*What to do*.
From the listing below, pick out each line with the word "back".

*Records shown*.
==================================================

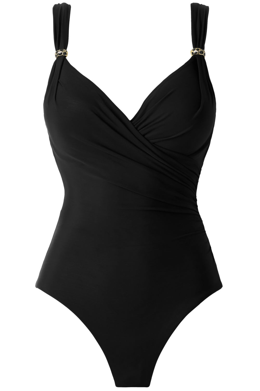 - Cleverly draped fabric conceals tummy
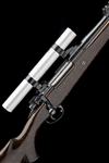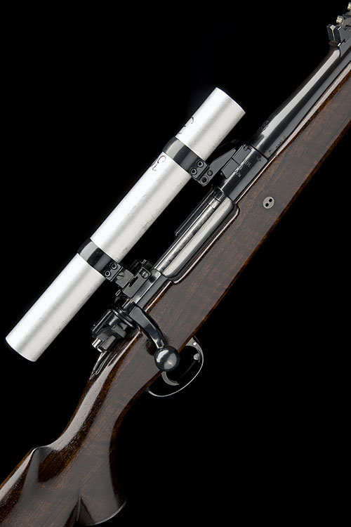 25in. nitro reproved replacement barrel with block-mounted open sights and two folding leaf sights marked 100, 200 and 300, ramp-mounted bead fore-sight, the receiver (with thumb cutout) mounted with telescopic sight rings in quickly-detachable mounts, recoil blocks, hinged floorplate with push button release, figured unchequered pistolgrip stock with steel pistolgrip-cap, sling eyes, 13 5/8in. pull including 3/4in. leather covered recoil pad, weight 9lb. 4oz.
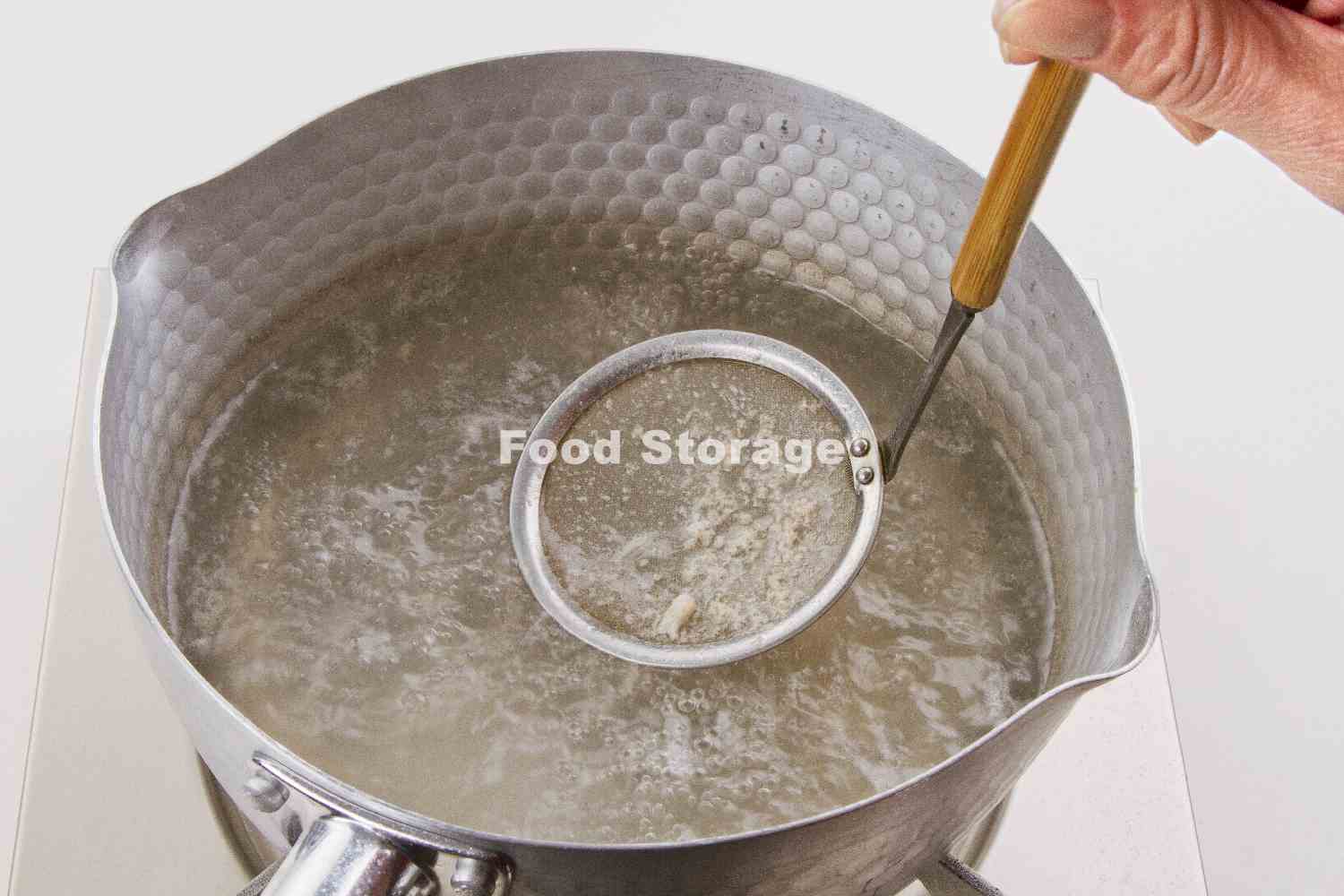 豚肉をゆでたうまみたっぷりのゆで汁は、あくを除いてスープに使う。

==================================================

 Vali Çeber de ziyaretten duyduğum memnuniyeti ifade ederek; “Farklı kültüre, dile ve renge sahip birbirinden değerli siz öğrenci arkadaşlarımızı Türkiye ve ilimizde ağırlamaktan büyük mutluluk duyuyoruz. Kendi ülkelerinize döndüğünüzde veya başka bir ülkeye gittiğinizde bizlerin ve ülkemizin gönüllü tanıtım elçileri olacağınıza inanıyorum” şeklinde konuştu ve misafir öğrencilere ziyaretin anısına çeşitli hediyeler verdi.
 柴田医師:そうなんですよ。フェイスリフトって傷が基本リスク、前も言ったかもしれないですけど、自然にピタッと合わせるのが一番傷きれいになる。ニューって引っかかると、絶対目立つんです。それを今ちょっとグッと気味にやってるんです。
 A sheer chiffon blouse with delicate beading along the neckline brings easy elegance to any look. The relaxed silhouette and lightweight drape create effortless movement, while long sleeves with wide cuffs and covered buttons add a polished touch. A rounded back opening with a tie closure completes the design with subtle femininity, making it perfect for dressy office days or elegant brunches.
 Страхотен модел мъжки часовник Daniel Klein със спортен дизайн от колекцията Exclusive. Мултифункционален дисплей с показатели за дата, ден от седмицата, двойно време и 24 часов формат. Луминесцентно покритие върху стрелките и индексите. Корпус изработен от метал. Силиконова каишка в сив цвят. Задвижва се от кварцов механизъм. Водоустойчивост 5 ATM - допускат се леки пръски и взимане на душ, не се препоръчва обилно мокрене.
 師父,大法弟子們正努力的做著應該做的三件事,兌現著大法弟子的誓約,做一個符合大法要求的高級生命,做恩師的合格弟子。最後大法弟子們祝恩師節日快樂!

==================================================

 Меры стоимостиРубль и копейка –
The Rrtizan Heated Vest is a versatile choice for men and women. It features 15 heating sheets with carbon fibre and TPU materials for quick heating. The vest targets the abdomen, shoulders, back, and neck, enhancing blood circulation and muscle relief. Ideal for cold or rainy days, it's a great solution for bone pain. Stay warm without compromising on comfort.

==================================================

*Task result*.
 A sheer chiffon blouse with delicate beading along the neckline brings easy elegance to any look. The relaxed silhouette and lightweight drape create effortless movement, while long sleeves with wide cuffs and covered buttons add a polished touch. A rounded back opening with a tie closure completes the design with subtle femininity, making it perfect for dressy office days or elegant brunches.
The Rrtizan Heated Vest is a versatile choice for men and women. It features 15 heating sheets with carbon fibre and TPU materials for quick heating. The vest targets the abdomen, shoulders, back, and neck, enhancing blood circulation and muscle relief. Ideal for cold or rainy days, it's a great solution for bone pain. Stay warm without compromising on comfort.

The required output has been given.